An ode to transdisciplinarity
A while ago I read The Anthropocene Reviewed, by John Green. It is a collection of essays on the era we are currently living in: the one in which humans are significantly shaping the planet. Every essay reviews an aspect of the Anthropocene – from Super Mario Kart, to air-conditioning, to teddy bears – on a scale of 1-5 stars. Green evaluates “developments” that are not always showing progression and habits that make little sense, but he also assesses projects, communities, and objects with a positive impact on the world. At the core, his essays display human interactions and collaborations: whether they harm the planet or join forces to make a positive difference.
Zooming in on the latter, Green argues that although some people are at the forefront of positive change, developments and sustainability transitions can never be attributed to one “genius”. At one point, he writes: “What’s most interesting to me about humanity is not what our individual members do, but the kinds of systems we build and maintain together. The light bulb is cool and everything, but what is really cool is the electrical grid used to power it.” As I’m currently writing my master thesis on system dynamics and the energy transition, a poetic sentence like this obviously gets my heart racing, but energy aside, I think this line holds the key to environmental change.

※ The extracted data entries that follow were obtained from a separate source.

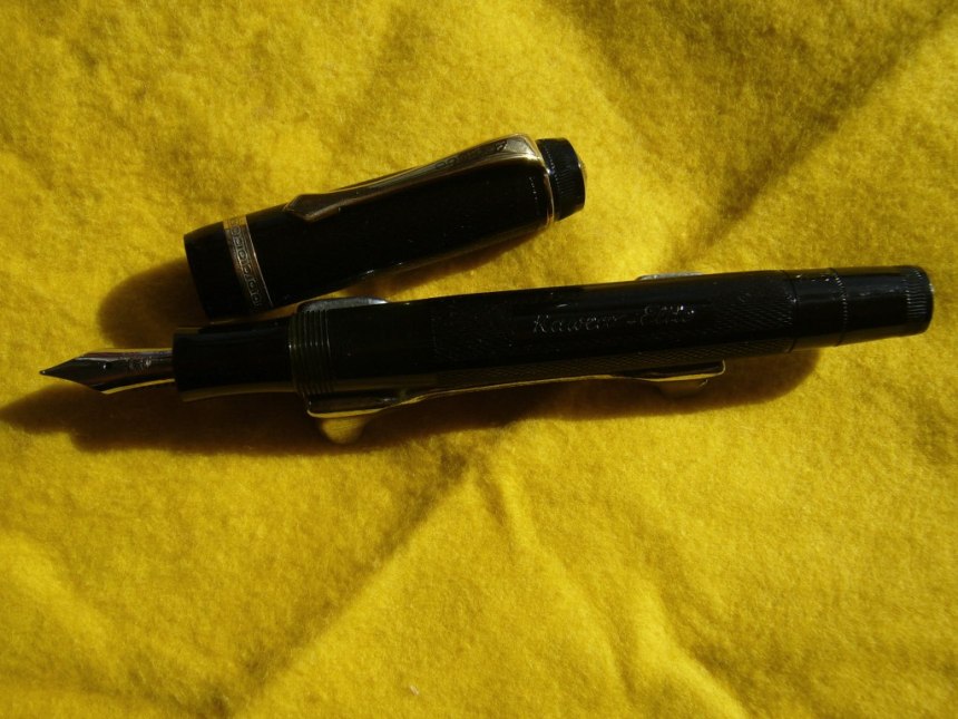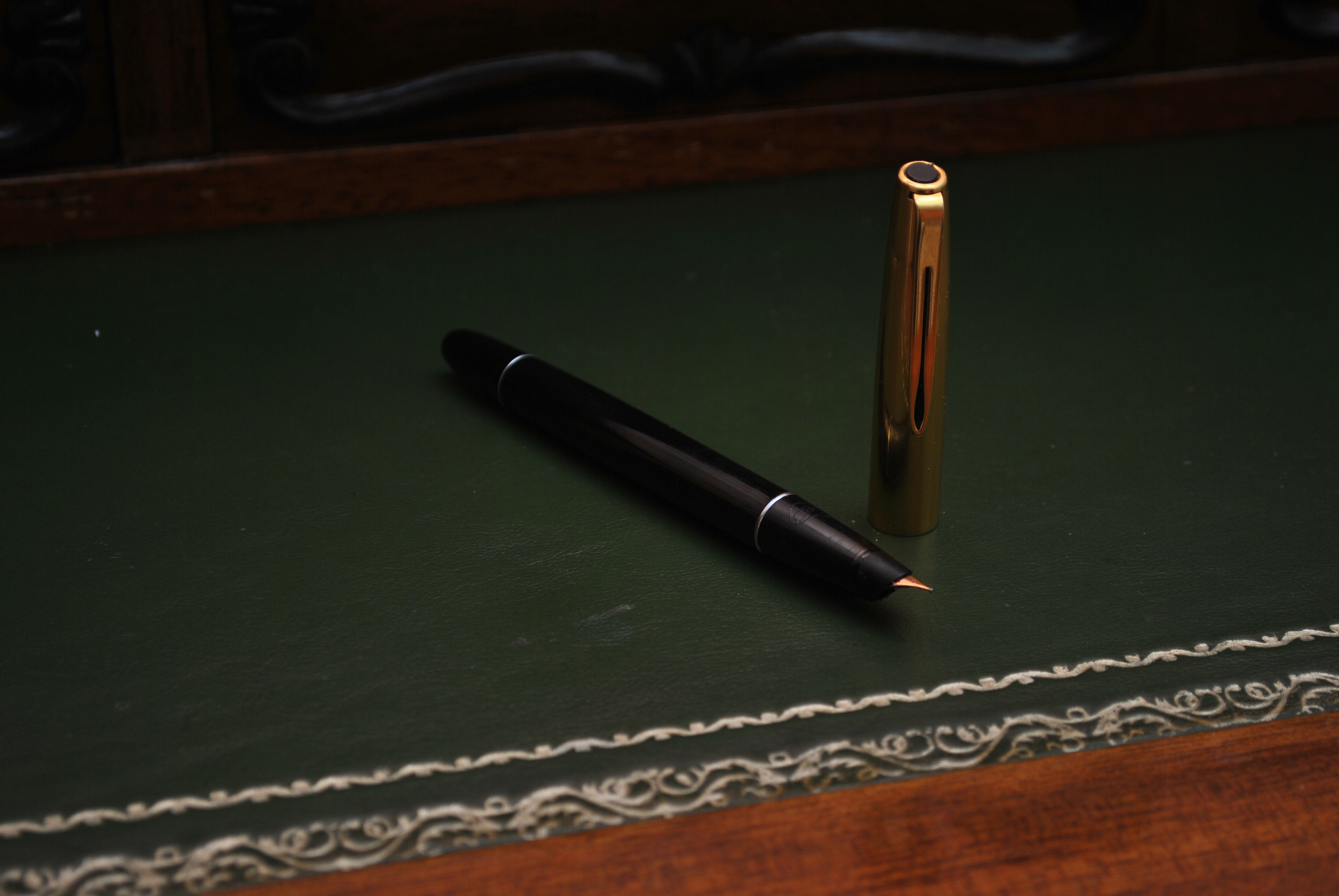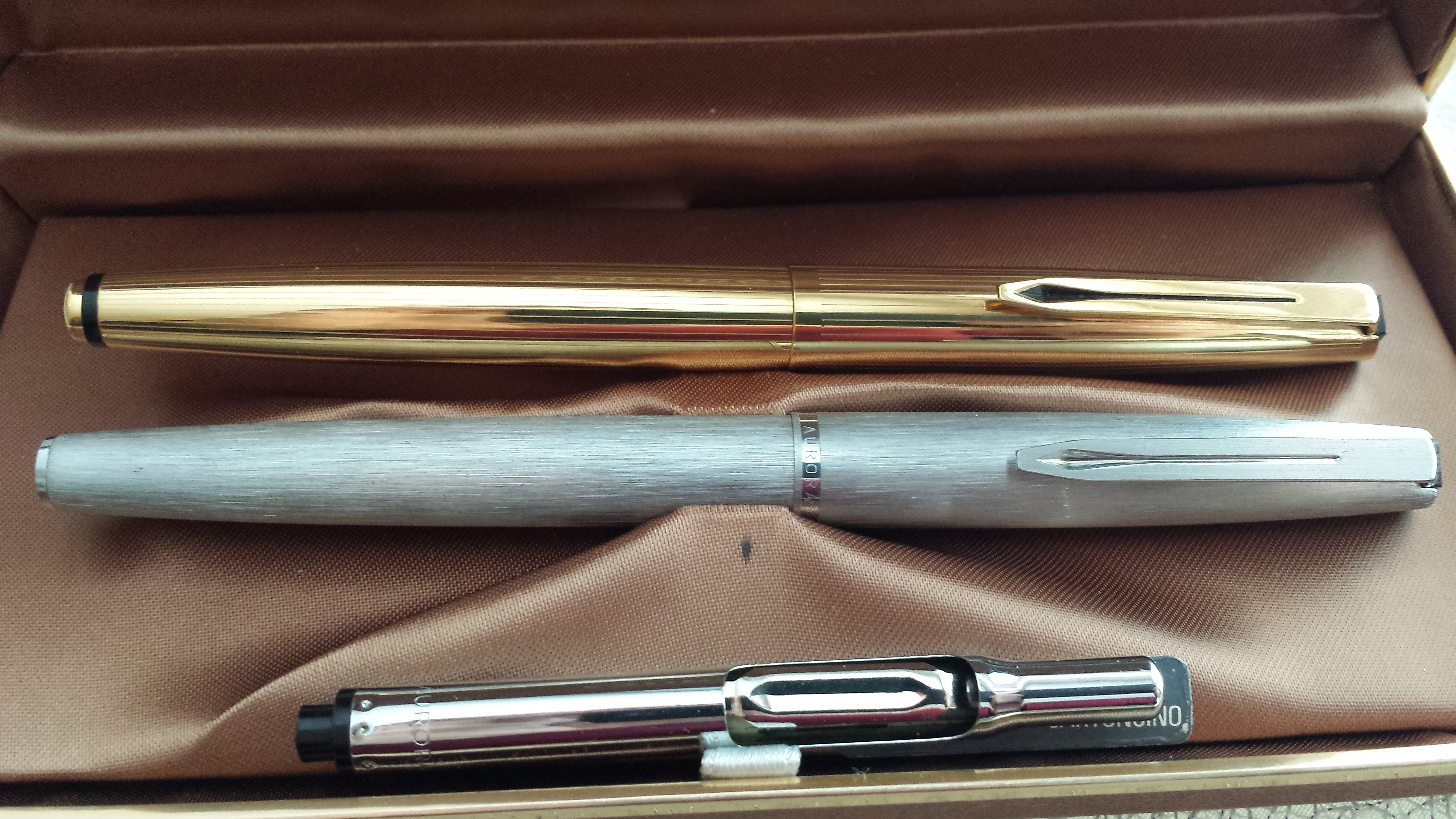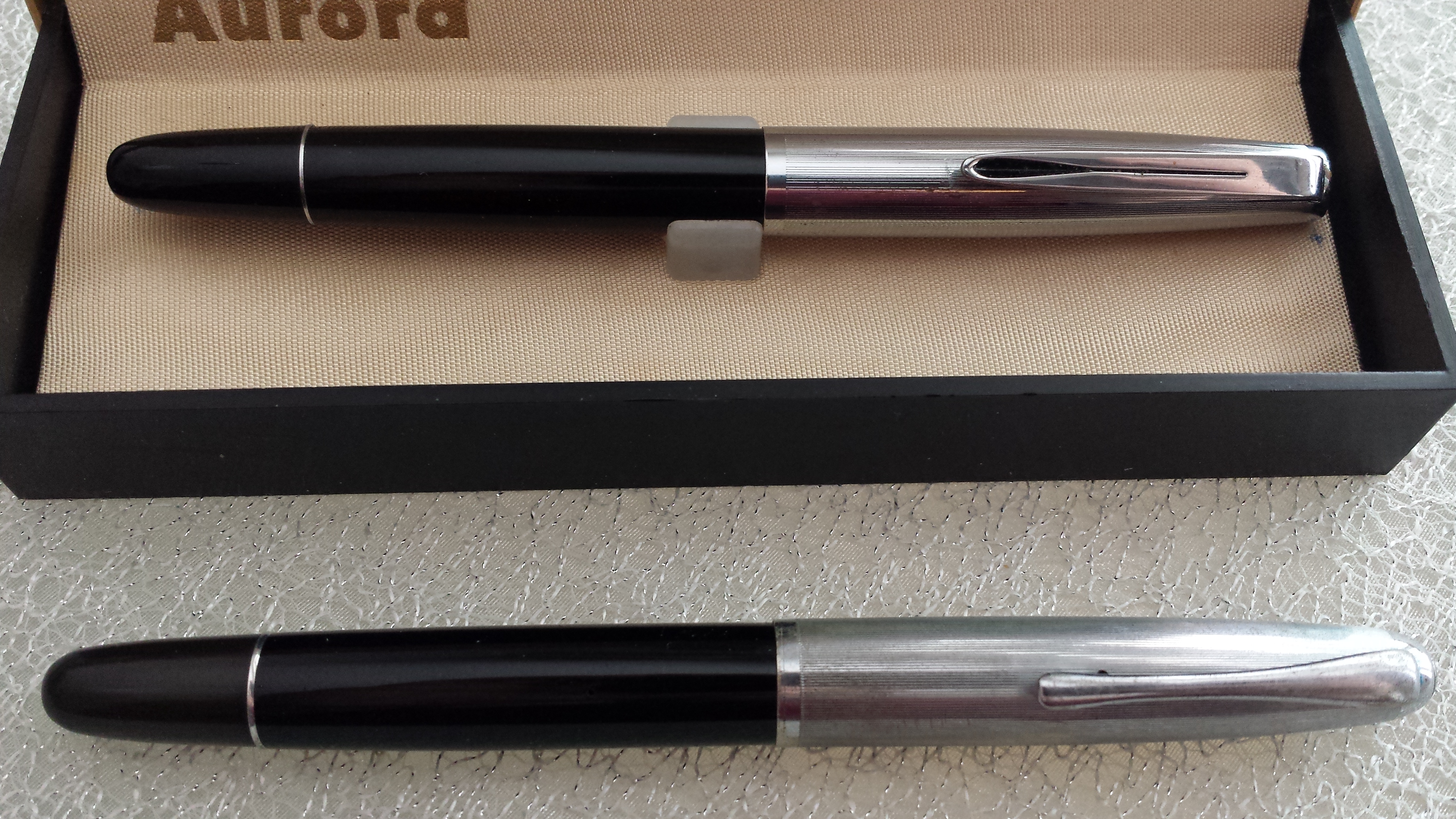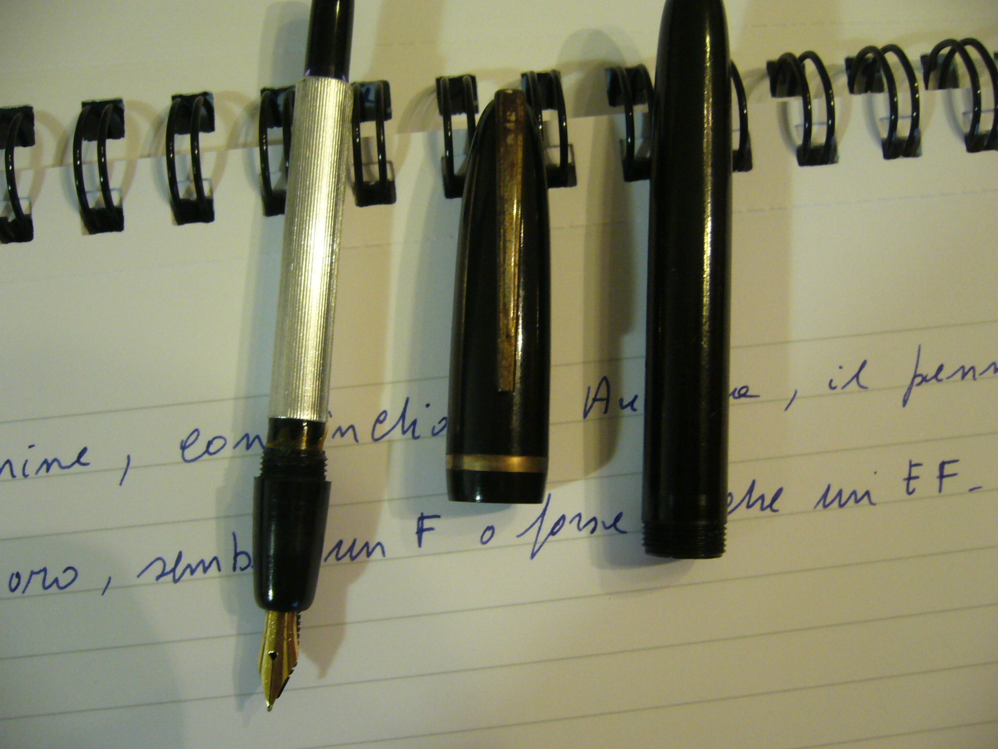 Col tempo ho trovato una Eversharp che praticamente è una copia della 51 ma col pennino in acciaio, caricamento a pulsante di fondo e più sottile; io ho preso il cappuccio che reca la scritta "EVERSHARP 18KR." (se qualcuno avesse idea di cosa significa precisamente il "18KR.") e vi ho sostituito il controcappuccio interno per fargli ospitare la mia 51. Poi ho rubato da Massimo un pennino M molto più consono alla mia grafia ed ora devo dire che mi è molto più simpatica. :D
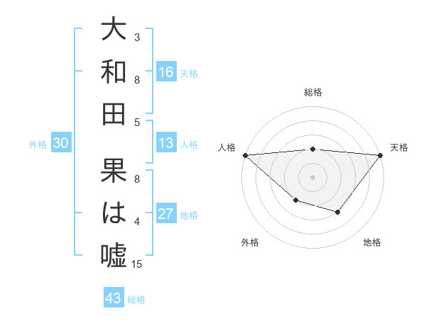 大和田 果は嘘さんを姓名の画数から五運を鑑定
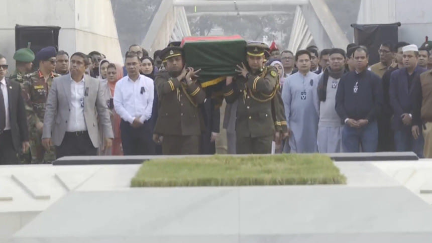 বিকেল সাড়ে ৪টার দিকে বিশেষ বাহনে করে মরদেহ নেওয়া হয় শহীদ জিয়াউর রহমানের সমাধির পাশে। সেখানে সেনা ও নৌবাহিনীর সদস্যরা কফিন কাঁধে তুলে নেন।
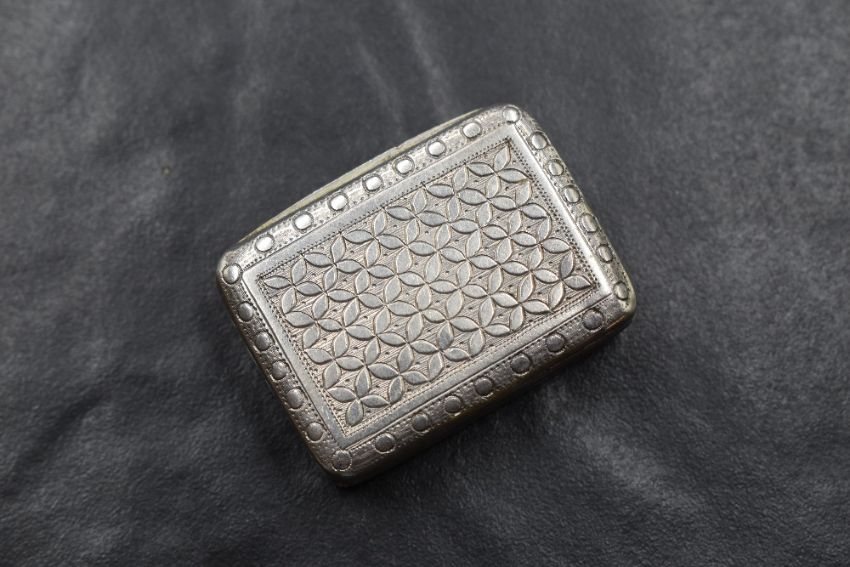 A George III silver vinaigrette, of hinged rectangular form, having decorative engraving to the front and reverse, rectangular cartouche engraved 'FS', gilt interior with hinged and pierced grille, sponge lacking, marks for Birmingham 1818, indistinct maker, 3.5cm x 2.5cm, 18g

I am lucky to be in a transdisciplinary master’s programme. My teachers and classmates come from a wide variety of backgrounds, my courses cover environmental science and public administration, and my research is fed by both statistics and models, as well as by policy documents and case studies. I always thought that a broad orientation was mainly for students who had too many interests and had trouble choosing a focus. But I now realise that connecting disciplines is a science in and of itself.
I can see what happens when we bring all these different perspectives to the table. When archaeologists talk to industrial ecologists who talk to anthropologists who talk to biologists and policy scientists. It will no longer be just one genius thinking on how to proceed with the world; it becomes a collaborative network of people sharing their knowledge, passion, and creativity. Bridging disciplines. Coupling ideas.
And yes, that is hard. And yes, that is necessary.
Because the sustainability transitions of today are not just about the environment. Or about the economy. Or about health. They are about everything and everything, and about the grid that connects everything to everything.
So let us take a moment to cherish transdisciplinarity. And let us continue working together.